▸ TASK ITEM:
Under this line are the records; repeat exactly the lines starting at the one containing "Kenwood KR-V87R is" and ending at the one containing "Brown Dot Design", omitting pictures.

^^^^

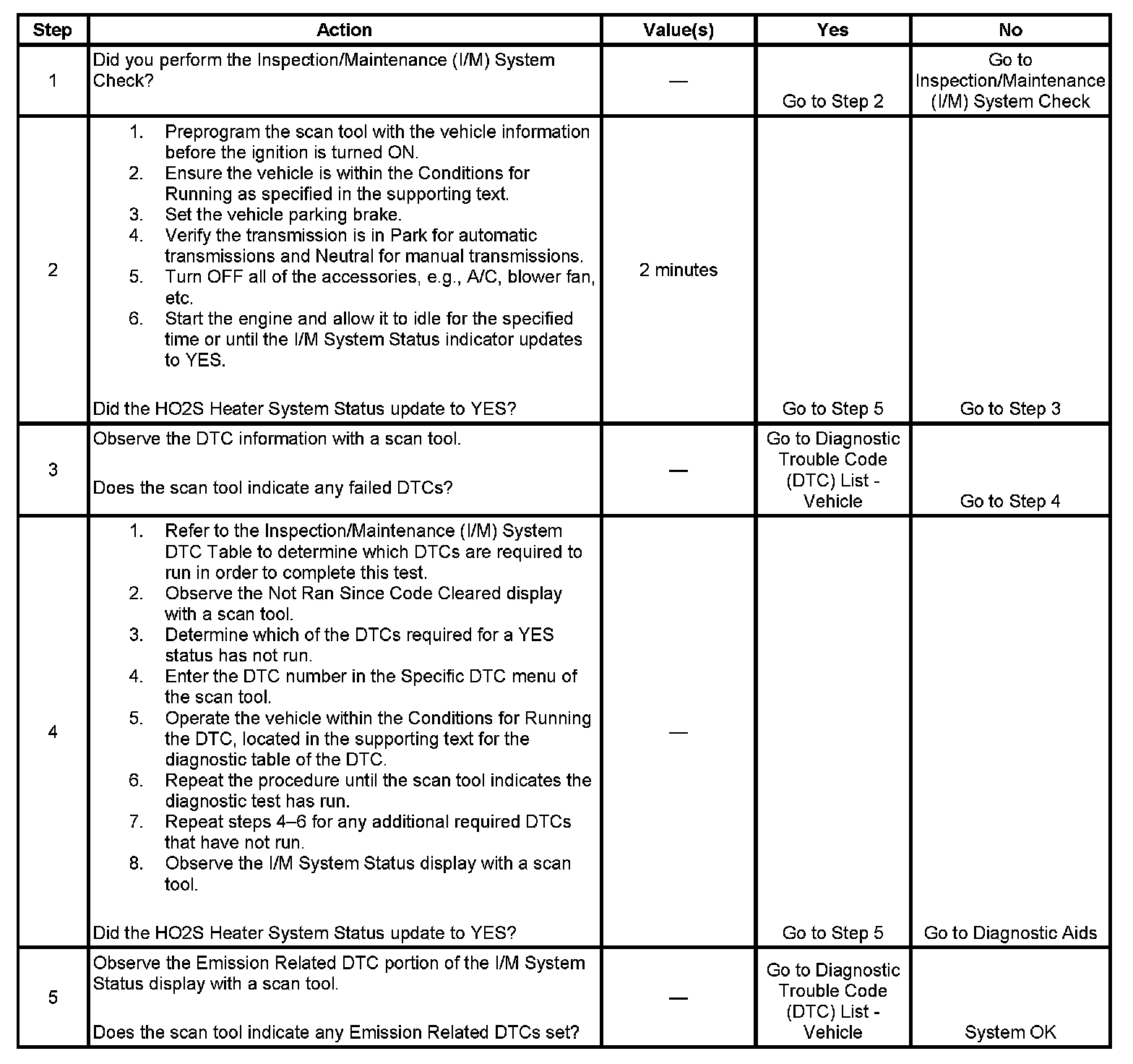 The purpose of this test is to satisfy the enable criteria necessary to execute inspection/maintenance (I/M) readiness diagnostics for the heated oxygen sensor (HO2S) system. The test may be used to set the I/M System Status to YES. The I/M System Status display on the scan tool provides an indication of whether the control module has completed the required tests. The I/M System Status does not indicate that the tests have passed or failed. When all of the diagnostics for a specific system have run and passed, the I/M System Status will update to YES. If a test for a specific system has failed, the I/M System Status will update to YES, indicating a determination was made, even if all of the other tests for that system have not run.
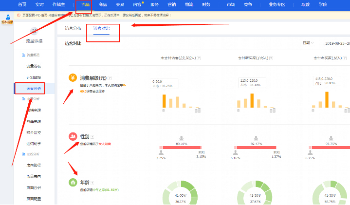 我們?cè)谏鈪⒅\、流量、訪客分析、訪客對(duì)比里,在這里我們可以查看到店鋪的人群標(biāo)簽,在店鋪運(yùn)營(yíng)后期,活動(dòng)推廣的時(shí)候,我們也會(huì)針對(duì)性向這類人群推廣,提高轉(zhuǎn)化率。
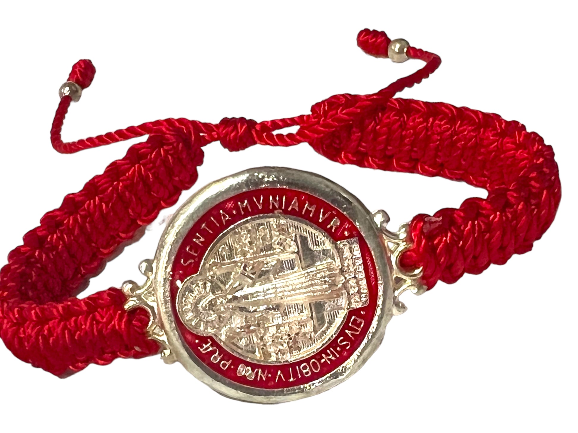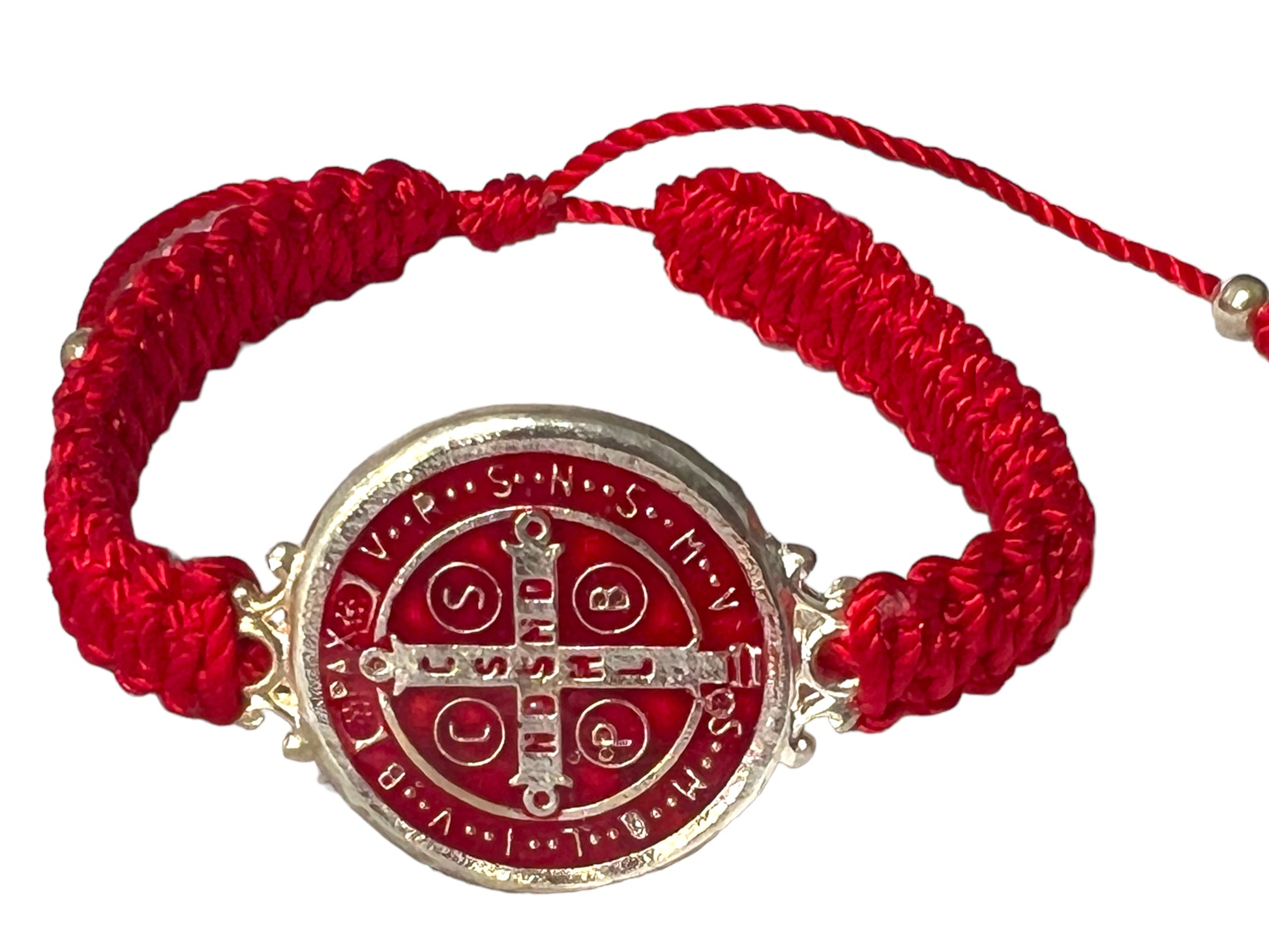 RED: Double braided St. Benedict Bracelet. Large medal (watch like style, 1" diameter). Made in Mexico. Strong and durable thread.
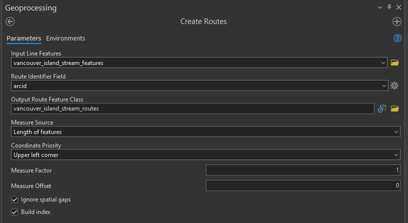 Step 2: Convert your stream features into routes using the “Create routes” tool. Use you Stream Features output as the Input Line. Set the Route ID field to “arcid”. The coordinate Priority parameter can be set to any corner. When you go to save your output, navigate into your feature dataset (it “feels” like entering another folder from the Catalog view), and save the output as “vancouver_island_stream_routes”.
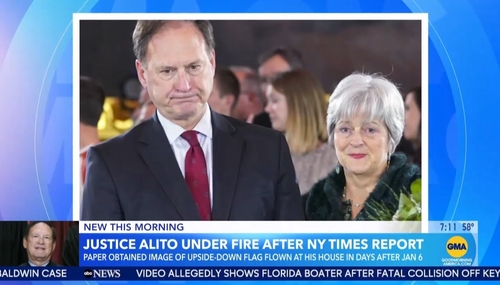 After not-so cleverly trying and failing to get Justice Clarence Thomas to recuse himself from important Supreme Court cases related to January 6, the left and the media have moved on to try to not-so cleverly get Justice Samuel Alito to recuse himself based on a photo of an upside-down flag outside his home that was said to show support for the rioters. On Saturday’s Good Morning America…
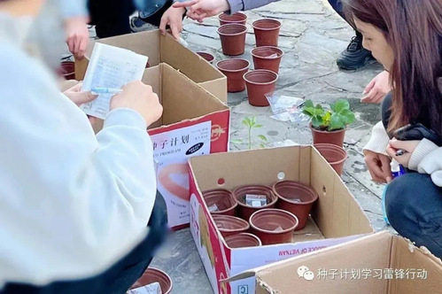2023年3月13日、3月14日“生态文明”学雷锋文艺志愿服务队全体带着种子泥土和种植工具来到了百岁泉前面“摆摊”,现场如火如荼。一共发出了11986颗种子,共有214位培育官诞生,覆盖13个公司。
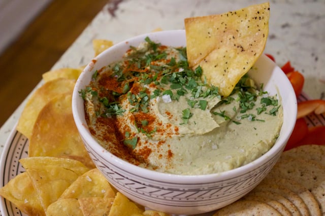 Process until smooth and season to taste. Dip with your favorite veggies, crackers, or tortilla chips. Enjoy this at a party or on the couch in your pajamas for some guilt-free indulgence.
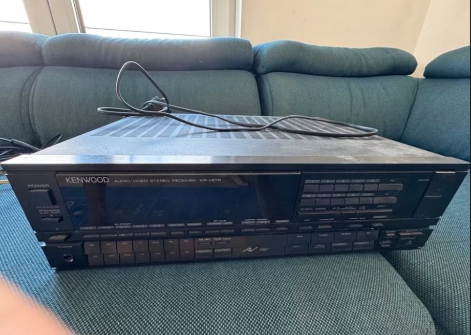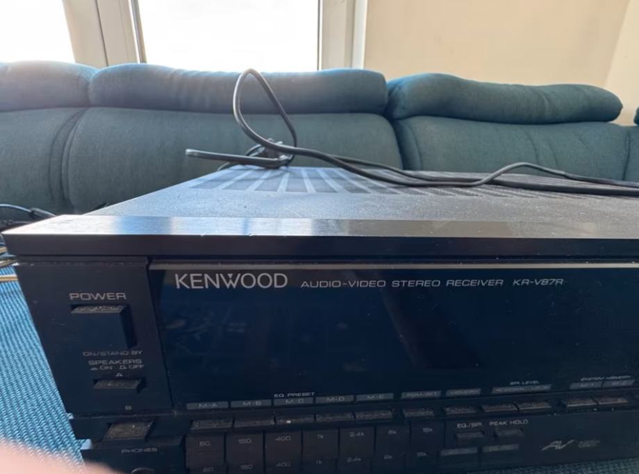 Kenwood KR-V87R is a vintage AM/FM stereo receiver and amplifier from the late 1980s that offers 80 watts per channel of power, Dolby Surround sound, and a range of audio/video inputs. It is known for its distinctive 80s design with a graphic equalizer display.
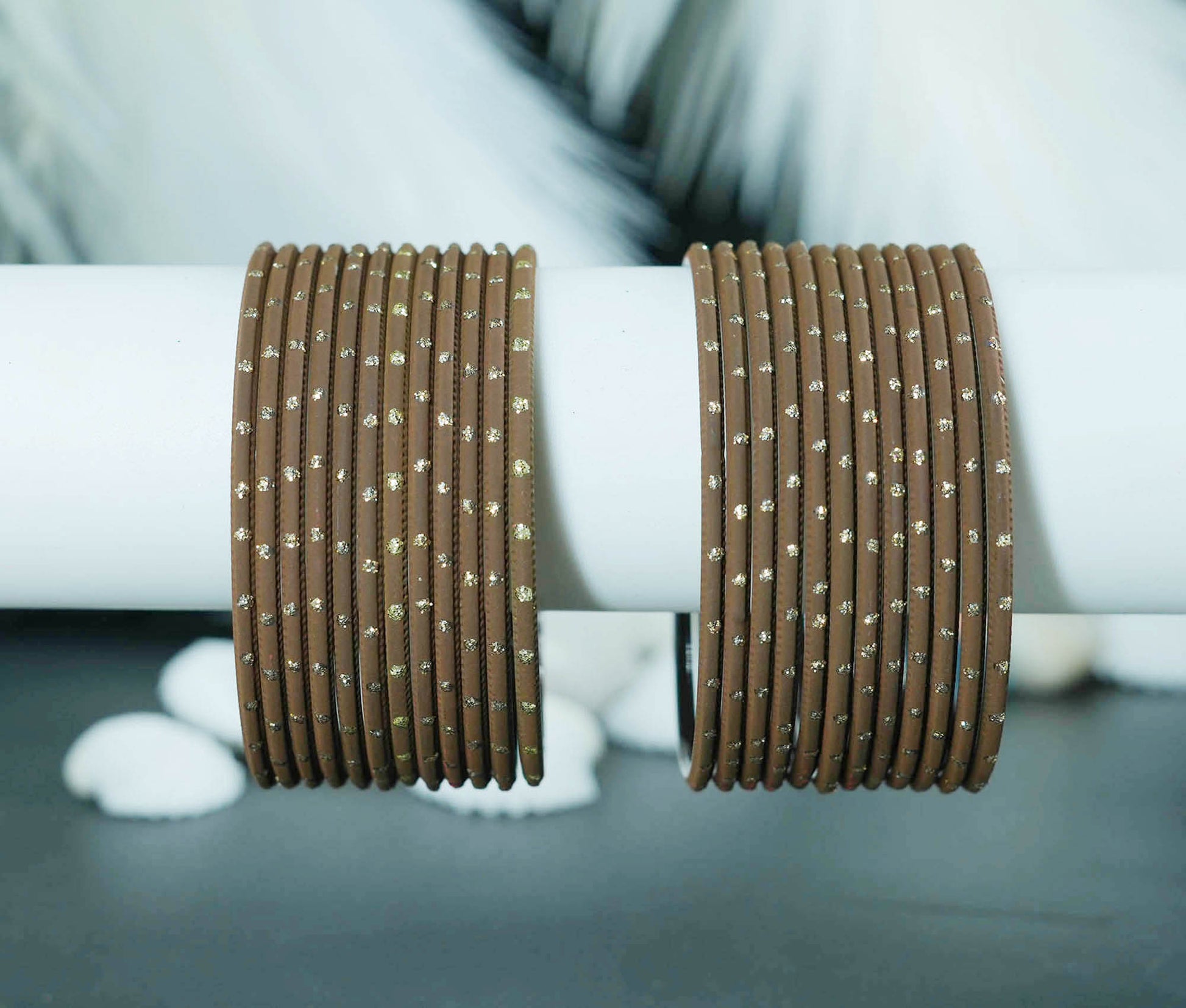 Brown Dot Design Matte Finish Metal Bangle for Women & Girls (Pack of 24)
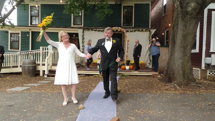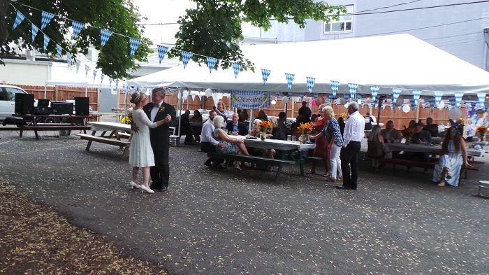 But with that overly temperate chapter of our history behind us, it was a bright and celebratory Saturday afternoon as Bruce awaited Robin’s procession down the impromptu bridal path to the Museum Biergarten stage area to a somewhat non-traditional musical accompaniment of AC/DC’s “Hell’s Bells”.
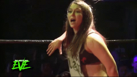 Newell responded with a bit more aggression, even teasing a signature move at one point and instead going for a chinlock to irritate the crowd. Such an attitude wasn't completely unfamiliar to her, having taken on the role of a heel elsewhere on the UK scene around that time. Unable to get a pin via a fallaway slam with a bridge, Nixon stood on top of Angel and choked her with both her feet. Angel fired back with some offense including a top rope elbow drop. Nixon got up and the two traded strikes, ending with Nixon superkicking Angel to the canvas.
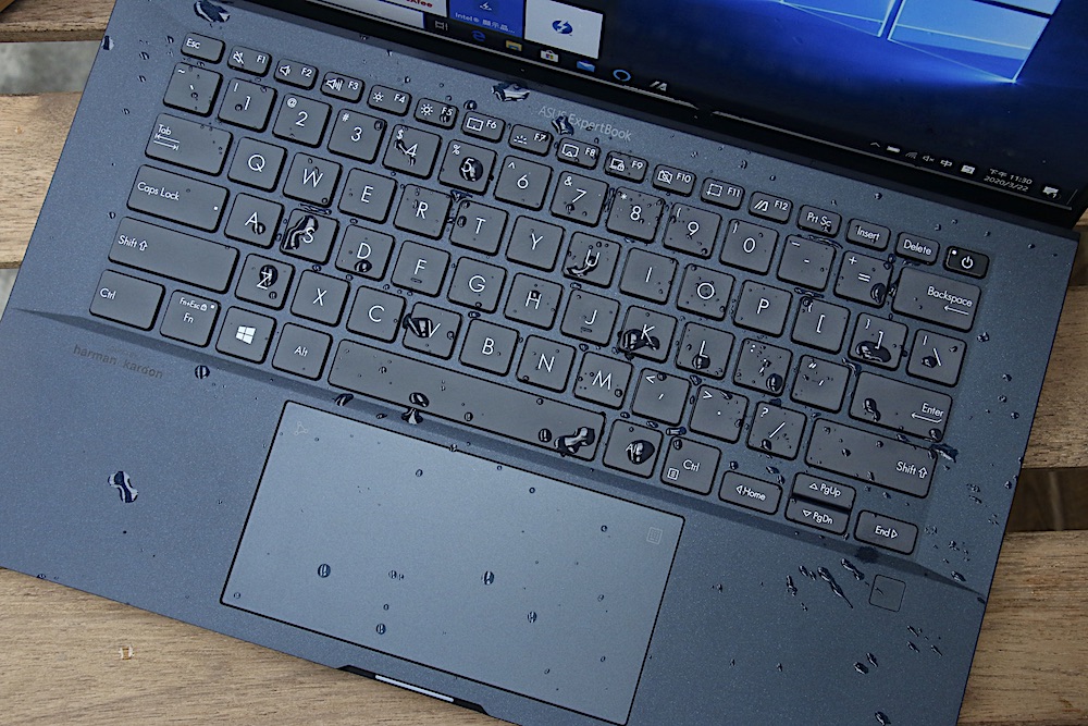 ASUS ExpertBook B9 (B9450) 的機身採用鎂鋰合金製成,C 件則是使用鎂合金,整台筆電僅有 995g,厚度也只有 14.9mm,並且通過摔落、撞擊、震動、沙塵、高 / 低溫、高海拔以及濕度…等 MIL-STD 810G 美國軍方測試標準,不僅輕薄好攜帶,耐用度也更加出色。
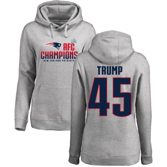 Women's Nike New England Patriots #45 Donald Trump Heather Gray 2017 AFC Champions Pullover Hoodie
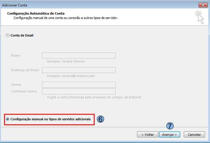 Em seguida utiliza a opção “Configuração manual ou tipos de servidor adicionais” (6) e em depois “Avançar”
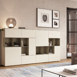 Met het grote aantal elementen, materialen zoals gladde matlak, handgepolijste hoogglanslak, glas, keramiek, mooi natuurlijk eikenhoute of amerikaans noten, 16 standaard lakkleuren worden deze meubelen geheel afgestemd op uw behoeften en smaak.
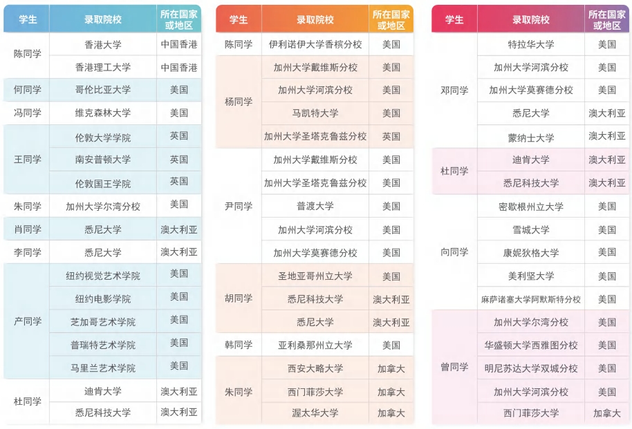 多方向升学:美国、英国、加拿大、澳大利亚、新加坡等国家及香港、澳门等地区
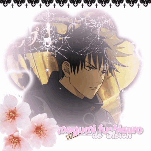 An aesthetic fan art image of Megumi Fushiguro from Jujutsu Kaisen, featuring cherry blossoms and a soft filter.
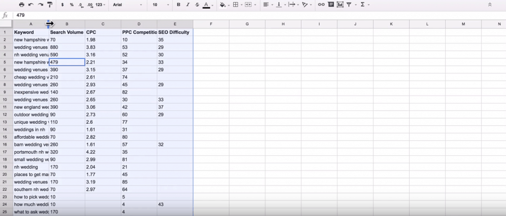 If there are any metrics that you are not using for your keywords, delete their columns. Most keyword maps don’t use the CPC or PPC columns and are often disposed of.
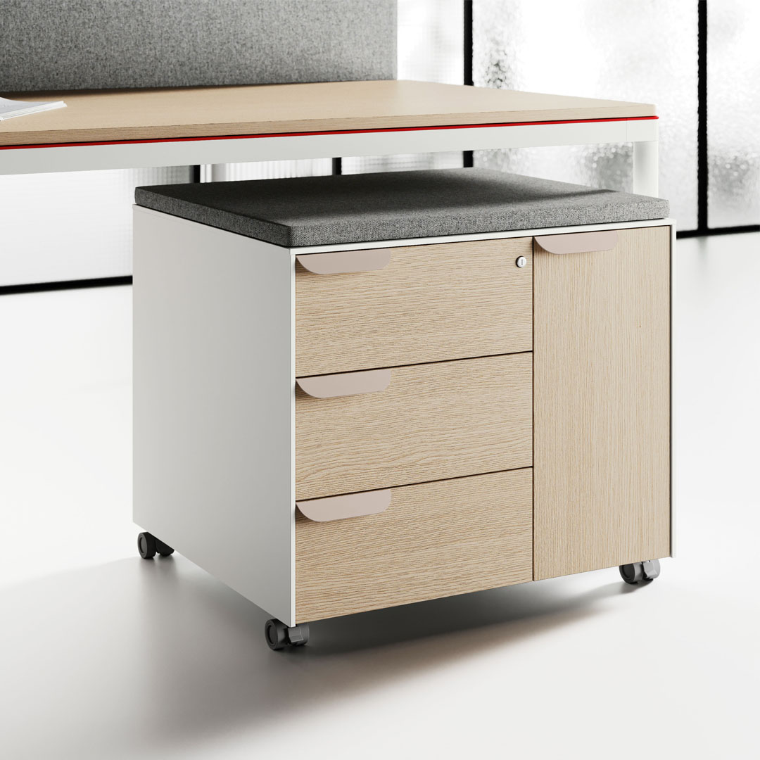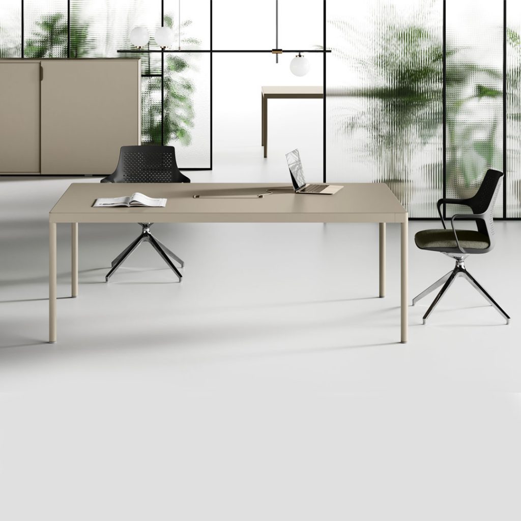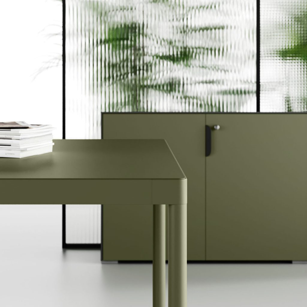 Le finiture dei melaminici è moderna ed accattivante e si aggiunge all’opportunità di scegliere i colori delle strutture metalliche, alle tipologie di tessuti per rivestimenti acustici, ai Pannelli divisori attrezzabili, alle Cassettiere ed ai mobili di servizio su ruote.
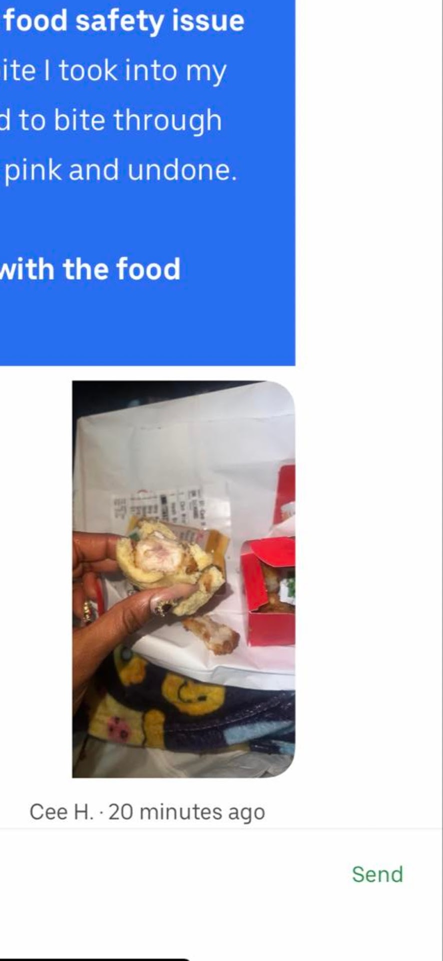Read moreI ordered via Uber Eats. I did receive my order fast and I was so excited to eat it. I ordered the breakfast chicken bites with hashbrowns. My first bite was into the chicken, and unfortunately, it was raw in the middle. I am so disappointed that I was not able to finish eating my meal. I was so grossed out and have had an upset stomach all day. I did file the issue with Uber Eats, and they refunded me. I also called the store directly and spoke with an employee. The employee was very kind, and he transferred me to their Care line. While I appreciate his kind demeanor, I think he shouldn't have said there wasn't anything he could do except transfer me to the Care line to report it. I think he could have offered an apology and a manager or even a complimentary meal. Basically, I am saying the customer service could have been better. I called the care line and spoke to Daisy. She listened, apologized, and said she would pass my experience on to the store manager. I use Uber Eats a lot, but this was my first time ordering from Chick FIL A. Unfortunately, this experience has ruined my confidence in the quality of food at this location. I am sure this isn't ordinary for them, and I am sorry I had...

^^^^

▸ SOLUTION:
 Kenwood KR-V87R is a vintage AM/FM stereo receiver and amplifier from the late 1980s that offers 80 watts per channel of power, Dolby Surround sound, and a range of audio/video inputs. It is known for its distinctive 80s design with a graphic equalizer display.
 Brown Dot Design Matte Finish Metal Bangle for Women & Girls (Pack of 24)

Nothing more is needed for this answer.